Тетрадь для домашних занятий. Повесть о Семене Тер-Петросяне (Камо)
Шрифт:
Потом он несся на лошади сам, потом — уже и без лошади, и не по земле, а как будто небо изогнулось, и он несется в огромной трубе, и опять тело его расширяется, и от этого труба все уже и уже, и он с трудом протискивается в нее, и плечи сдавлены, и голова, и темнеет в глазах, а впереди свет, и он торопится добраться до него, прежде чем задохнется, но кто-то набрасывает на шею веревку, тянет назад, прямо перед глазами черные доски, доски проваливаются вверх, исчезают… Кто-то сказал:
— Ишо живой… Давай сюда, у меня выдержит!
Опять тянули за шею, но теперь не назад, а вперед, в несколько рук поднимали, подталкивали, поддерживали, а он вырывался из рук и наконец вырвался и опять понесся один в черный дощатый потолок, потолок начинает раздвигаться, раздвигается,
— У него от веревки заговор! — сказал казак.
Теперь оттого, что его облили водой, он стал понимать слова и понял, что его вешали и что теперь будут вешать еще раз. Они больше не смеялись и не шутили и были озабочены тем, что не могут его никак повесить, и была даже осторожность в молчаливой деловитости их движений, как будто теперь они имели дело не только с ним, но с кем-то еще, кто им мешал. Из разговора он еще узнал, что в первый раз не выдержала балка, к которой привязали веревку, потом порвалась веревка. Это опять помогла мать, подумал он. Хорошо, что они облили меня водой, теперь я все слышу и понимаю. Теперь я сам себе помогу.
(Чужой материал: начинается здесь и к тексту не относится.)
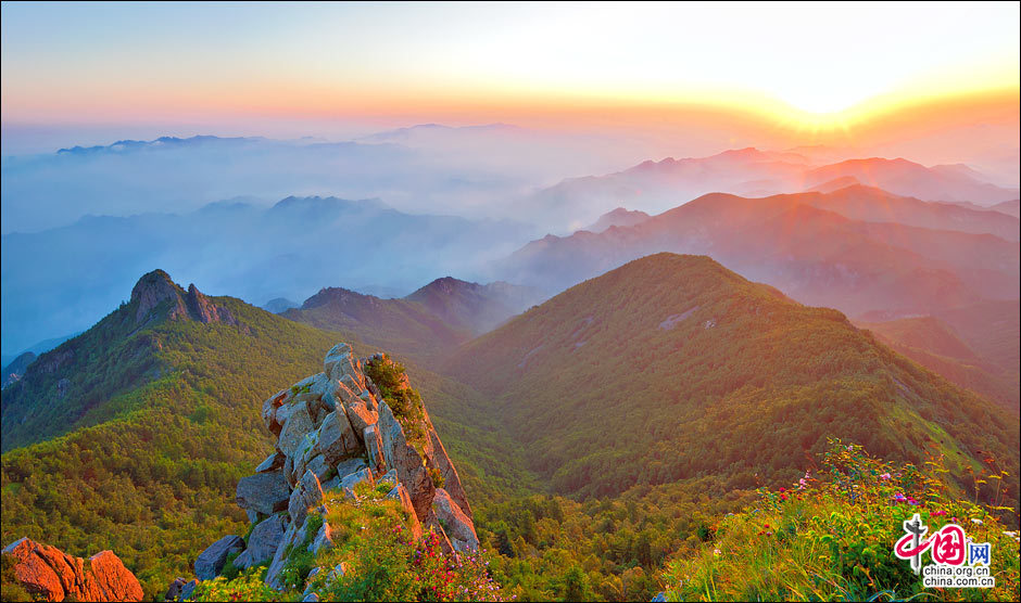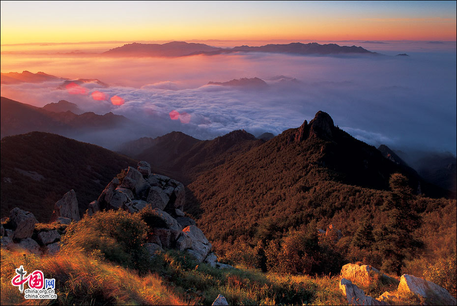 當(dāng)北京的第一縷陽光從這里升起。站在海拔2118米的頂峰平臺(tái)上,遙望東方,天際中開始露出幾抹灰色的浮云,隨后不斷地升騰、擴(kuò)大,繼而天邊漸紅,紅色越來越深,范圍越來越大,曙光漸露,丹霞輝映,把整個(gè)東方都變成濃濃的紅色。山峰在云霧中時(shí)隱時(shí)現(xiàn),彩云在天際間變幻,有時(shí)像奔馳的駿馬,有時(shí)像仙女飄逸,有時(shí)像玉樹瓊宮……千姿百態(tài),遐想無窮。猛然,比紅色的彩云更火紅、更光亮、更鮮艷的太陽露出了一條邊弧,緩緩上升。四周的云霧似乎忍受不了她那光茫的照射而淡化、隱退,太陽則很快掙脫了云霧與夜色的纏繞,迅速地上升,躍出天邊。霎時(shí),一輪紅日噴薄而出,金光四射,霞光瑞氣,照徹天宇,山巒、萬樹沐浴著朝陽的金輝,令人眼花繚亂。舉目四望,朝霞映照下的霧靈山,群峰起伏,云霧如海,波濤洶涌,九曲十八彎的旅游公路似戲水游龍,在峰巒間若隱若現(xiàn)。

Он не знал, что он может сделать, но до последней минуты — той самой, когда ему снова накинули на шею петлю, — был уверен, что не умрет, и только когда его опять подняли, поставили на опрокинутое ведро, поддерживали, чтоб не упал — держись, родимый, сейчас, сей миг! — аккуратно укладывали на шее петлю, он вдруг увидел себя на веревке с дергающимися ногами, а они — вокруг и ждут, когда он перестанет дергаться, и взорвавшаяся вдруг гадливая ярость к ним и к себе за то, что позволяет с собой все это делать, с силой присел, выскользнул из рук, отлетело с грохотом ведро, прыгнул, схватился руками за бревно, повис, закричал от боли в плече, сорвался, но успел схватиться обеими руками за веревку, рычал от боли, петля вздернулась, болталась перед глазами, зубами поймал ее, выплюнул, упал, не теряя сознания, увидел, как запрыгала в воздухе пустая петля, как в ужасе отбежали от него казаки.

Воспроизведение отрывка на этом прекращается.